On the other hand, for the undriven pendulum the equation becomes

\[P(\theta, \omega, t) = - \frac{g \sin(\theta)}{l}\]

and with only two parameters the number of dimensions is only 3.

(b) What do you think would happen to the reconstructed trajectory - not just your picture, but the full trajectory - in part (b) of problem 2 if you had used $m = 2$ or $m = 25$?

Let’s test this for $m = 2$.

fig, axarr = plt.subplots(3, 3, figsize=(30, 30))
tauarr = [0.01, 0.05, 0.1, 0.15, 0.5, 0.75, 1.0, 1.25, 1.5]
for i in range(9):
    data = embed_data(data3, tauarr[i], 2)
    axarr[int(i / 3), i % 3].scatter(data[:, 0] % 2 * np.pi,
                                     data[:, 1] % 2 * np.pi, s=1)
    axarr[int(i / 3), i % 3].set_xlabel(r'$\theta$')
    axarr[int(i / 3), i % 3].set_ylabel(r'$\omega$')
    axarr[int(i / 3), i % 3].set_title(r'$\tau = {}$'.format(tauarr[i]))
plt.show()

Using what we know about embedding dimensions we can safely say that if the number of dimensions was reduced we would not only lose the diffeomorphic properties of the embedding, but also detail as the plot would be restricted. By embedding in fewer dimensions than necessary we don’t allow the embedding enough room to “grow”, causing it to be stunted.

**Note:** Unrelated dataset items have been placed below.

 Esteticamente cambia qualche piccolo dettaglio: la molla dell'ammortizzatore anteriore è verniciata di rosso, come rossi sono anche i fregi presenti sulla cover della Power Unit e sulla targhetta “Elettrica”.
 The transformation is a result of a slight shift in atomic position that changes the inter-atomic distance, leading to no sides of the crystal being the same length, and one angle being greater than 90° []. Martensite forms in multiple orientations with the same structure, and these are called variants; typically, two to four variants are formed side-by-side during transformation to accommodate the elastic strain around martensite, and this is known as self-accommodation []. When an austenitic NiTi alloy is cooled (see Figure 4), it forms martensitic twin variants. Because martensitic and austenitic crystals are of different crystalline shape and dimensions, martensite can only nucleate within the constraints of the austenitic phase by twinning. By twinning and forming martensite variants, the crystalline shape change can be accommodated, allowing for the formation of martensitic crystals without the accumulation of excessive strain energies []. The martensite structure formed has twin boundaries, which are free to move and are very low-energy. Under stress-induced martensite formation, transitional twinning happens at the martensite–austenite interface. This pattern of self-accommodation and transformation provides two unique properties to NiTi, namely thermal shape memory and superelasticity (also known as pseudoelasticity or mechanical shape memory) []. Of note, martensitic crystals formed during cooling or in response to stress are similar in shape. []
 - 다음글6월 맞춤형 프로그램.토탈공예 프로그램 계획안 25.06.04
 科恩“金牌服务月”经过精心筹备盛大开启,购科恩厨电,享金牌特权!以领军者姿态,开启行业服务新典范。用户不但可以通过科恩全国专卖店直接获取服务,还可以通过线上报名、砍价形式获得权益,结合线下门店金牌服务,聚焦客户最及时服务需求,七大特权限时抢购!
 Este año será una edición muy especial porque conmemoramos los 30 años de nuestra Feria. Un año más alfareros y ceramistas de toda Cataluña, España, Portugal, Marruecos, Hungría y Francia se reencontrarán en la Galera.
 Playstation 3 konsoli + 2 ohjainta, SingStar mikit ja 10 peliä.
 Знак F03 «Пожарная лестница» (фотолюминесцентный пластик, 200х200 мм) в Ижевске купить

On the other hand, by increasing the number of dimensions significantly we face the opposite problem. This causes too much of the information to be spread out on too many dimensions, meaning we lose information because we can only see so much of it at any point. Going to the extreme, if the number of dimensions was equal to the length of the dataset, we would only have one point in $N$-dimensional space, where $N$ is the length of the dataset.

(c) What do you think would happen to the reconstructed trajectory in part (a) of problem 2 if you had used $\tau = {10}^{-16}$ - which would require much more frequent sampling, obviously - or $\tau = {10}^6$? What would your pictures look like?

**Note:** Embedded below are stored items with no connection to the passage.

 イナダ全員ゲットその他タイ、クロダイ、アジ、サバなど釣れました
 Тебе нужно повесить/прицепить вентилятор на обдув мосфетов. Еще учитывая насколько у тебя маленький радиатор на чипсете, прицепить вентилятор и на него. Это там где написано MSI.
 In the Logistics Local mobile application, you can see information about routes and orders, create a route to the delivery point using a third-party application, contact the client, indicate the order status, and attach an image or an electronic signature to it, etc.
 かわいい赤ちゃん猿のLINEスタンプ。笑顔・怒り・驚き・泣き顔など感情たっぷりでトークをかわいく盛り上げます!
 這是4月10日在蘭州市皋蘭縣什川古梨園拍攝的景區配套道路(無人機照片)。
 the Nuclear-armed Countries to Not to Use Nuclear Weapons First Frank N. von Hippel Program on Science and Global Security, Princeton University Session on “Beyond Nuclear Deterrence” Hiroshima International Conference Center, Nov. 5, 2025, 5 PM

If we were to adjust $\tau$ to either really small or really big we would see some radically different behavior. In the case of it being smaller, the system would be reduced to a single line, as the points that are being plotted are almost identical. This would make the internal structure of the embedded system incredibly obfuscated, as everything would be restricted to such a small area.

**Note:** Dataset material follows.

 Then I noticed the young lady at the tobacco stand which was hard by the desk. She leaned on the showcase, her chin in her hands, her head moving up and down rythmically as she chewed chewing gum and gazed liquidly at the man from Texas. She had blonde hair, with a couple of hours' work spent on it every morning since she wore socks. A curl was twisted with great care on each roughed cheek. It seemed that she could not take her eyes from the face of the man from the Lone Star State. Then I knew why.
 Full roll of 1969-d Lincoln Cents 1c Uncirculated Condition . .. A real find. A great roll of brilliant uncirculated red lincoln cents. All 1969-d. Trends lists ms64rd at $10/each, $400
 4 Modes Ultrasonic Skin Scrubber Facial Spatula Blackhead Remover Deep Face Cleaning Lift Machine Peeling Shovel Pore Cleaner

On the other hand if the points being plotted were really far apart we would have the opposite problem. The system would be incredibly spread out as the change between each point is fairly drastic. Again, if $\tau$ is large enough we would only be able to plot a couple points and out system wouldn’t be a good representation as there just wouldn’t be enough data plotted.